Facebook accusé de censure politique aux Etats-Unis

Séisme au pays des algorithmes: les humains qui interviennent dans la sélection des articles d’actualité écarteraient allégrement les sites conservateurs, accuse le site Gizmodo. Démenti furieux de Facebook

C’est le site de nouvelles tech Gizmodo qui a sorti l’affaire: des employés de Facebook ont régulièrement supprimé des nouvelles qui pourraient intéresser des internautes conservateurs de la section «Trending» du réseau social, une section très populaire et très consultée aux Etats-Unis. Cette fonction, lancée en janvier 2014 en anglais et dans certains pays seulement, dont la Suisse ou la France ne font pas partie, s’affiche en haut à droite de la timeline des utilisateurs sur ordinateurs, et permet de savoir de quoi est composée la grande conversation des internautes. Elle est censée se fonder uniquement sur des données neutres et objectives – temps de lecture, nombre de vues, de commentaires, de partages – et l’équipe de curateurs devrait uniquement réécrire les titres et résumer les articles pour les rendre appétissants pour favoriser les clics vers les sites de presse. Mais ce que raconte l’ancien employé de Facebook, interrogé par Gizmodo, c’est que les contenus étaient censurés ou au contraire mis en valeur, selon les personnes qui étaient de service dans cette équipe de curateurs. Autrement dit, bienvenue à l’arbitraire et aux biais politiques.

«Cette nouvelle est glaçante, cent soixante-sept millions d’utilisateurs lisent ces histoires sélectionnées, a immédiatement hurlé le Parti conservateur, Facebook est en position d’influencer l’élection présidentielle, c’est plus que dérangeant que cette puissance soit utilisée pour taire des points de vue ou des nouvelles qui n’arrangent pas les affaires de certains. Facebook doit rendre des comptes» – et le Parti de l’éléphant de proposer une pétition pour réclamer la fin de cette «censure» cachée.

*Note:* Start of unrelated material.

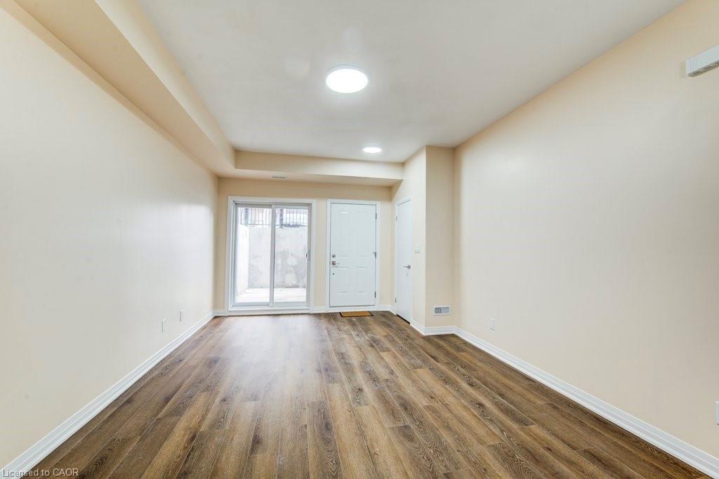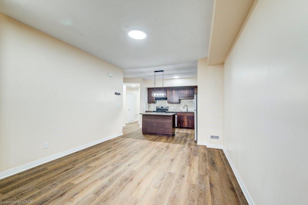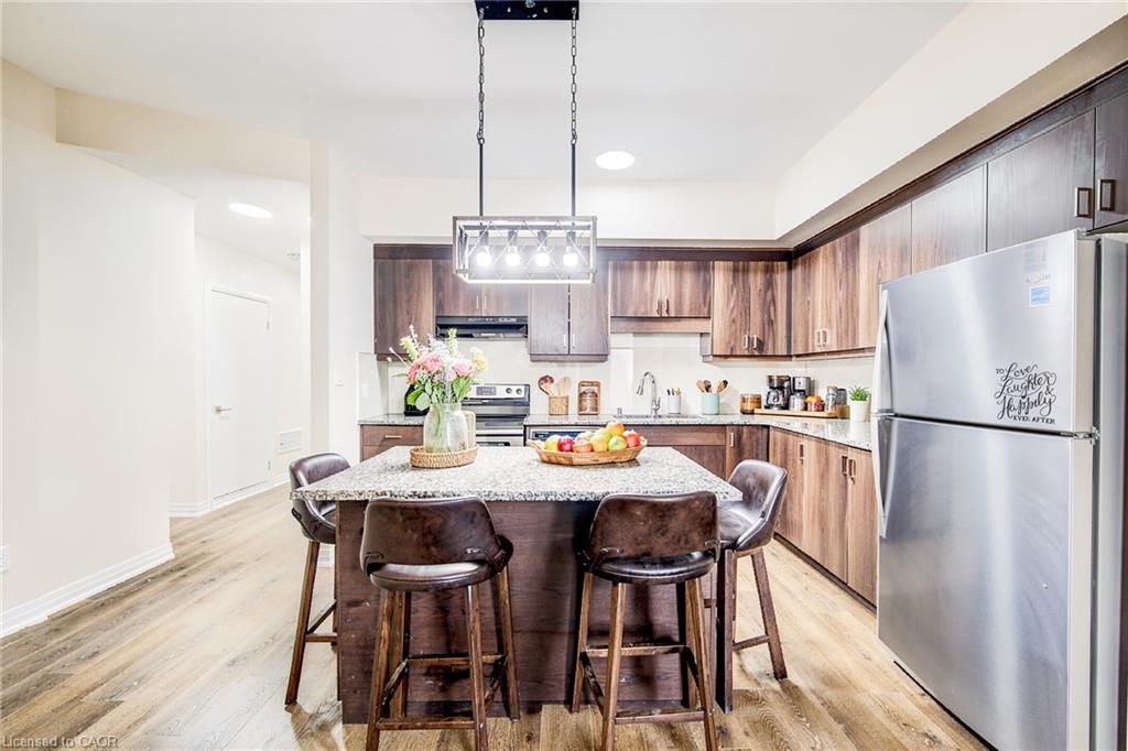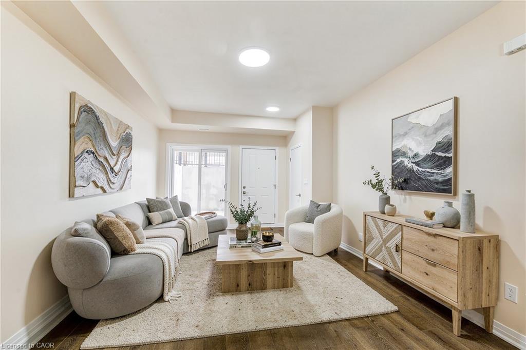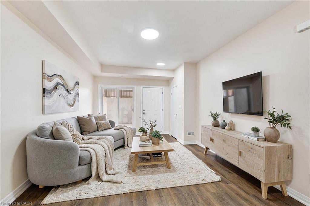 Welcome to this stunning lower-level stacked condo townhouse, featuring 3 spacious bedrooms and 2 full bathrooms. The Primary Bedroom comes with a big walk-in closet and ensuite with standing shower and glass door. The open concept living, dining, and kitchen areas are perfect for modern living, boasting 9-foot high ceilings that create an airy ambiance. Step out to your private patio, ideal for relaxing. This unit backs on to green conservation area. The home is recently renovated with fresh paint, laminate flooring throughout the home (no carpet), new backsplash in the kitchen, new glass door enclosure in the ensuite bathroom, ect, and is Ready to Move In! This beautiful home includes one surface parking spot (# 57) and is situated in a prime location close to all amenities. Enjoy easy access to nature trails, a variety of restaurants, theaters, and entertainment options. Cambridge Centre Mall, the YMCA, and public transit options including GO Transit are just minutes away. With quick access to Highway 401, commuting is a breeze. This home is a good option for first-time home buyers, those looking to downsize, or real estate investors seeking a turnkey investment opportunity. Don't miss out on this perfect blend of convenience, comfort, and modern living!

Une bande de jeunes libéraux aux manettes

La semaine dernière déjà, Gizmodo avait fait le portrait de ces curateurs de nouvelles, d’anciens étudiants des bonnes facs de l’Ivy League, jeunes, le cœur plutôt démocrate, avec une première expérience dans le journalisme, et qui avaient manifestement toute liberté pour choisir ce qu’ils souhaitaient inclure dans le module de Trending news. «Il n’y avait pas vraiment de critère pour décider ce qu’on prenait ou pas, ça dépendait du curateur», explique un de ces journalistes – tous ont réclamé l’anonymat, ayant signé des accords de confidentialité avec Facebook. La gorge profonde de Gizmodo, un des rares curateurs de sensibilité conservatrice, choqué par cette censure de fait, a donc décidé d’enregistrer les sujets repérés par l’algorithme de Facebook comme «trending» mais qui ont quand même été écartés de la sélection finale, pour en avoir le cœur net: parmi eux de nombreux sujets provenant de sites pro-républicains comme Breitbart ou Fox News. Leur popularité native ne suffisait pas, «il fallait qu’ils soient repris par des médias plus mainstream comme le New York Times ou la BBC pour être acceptés».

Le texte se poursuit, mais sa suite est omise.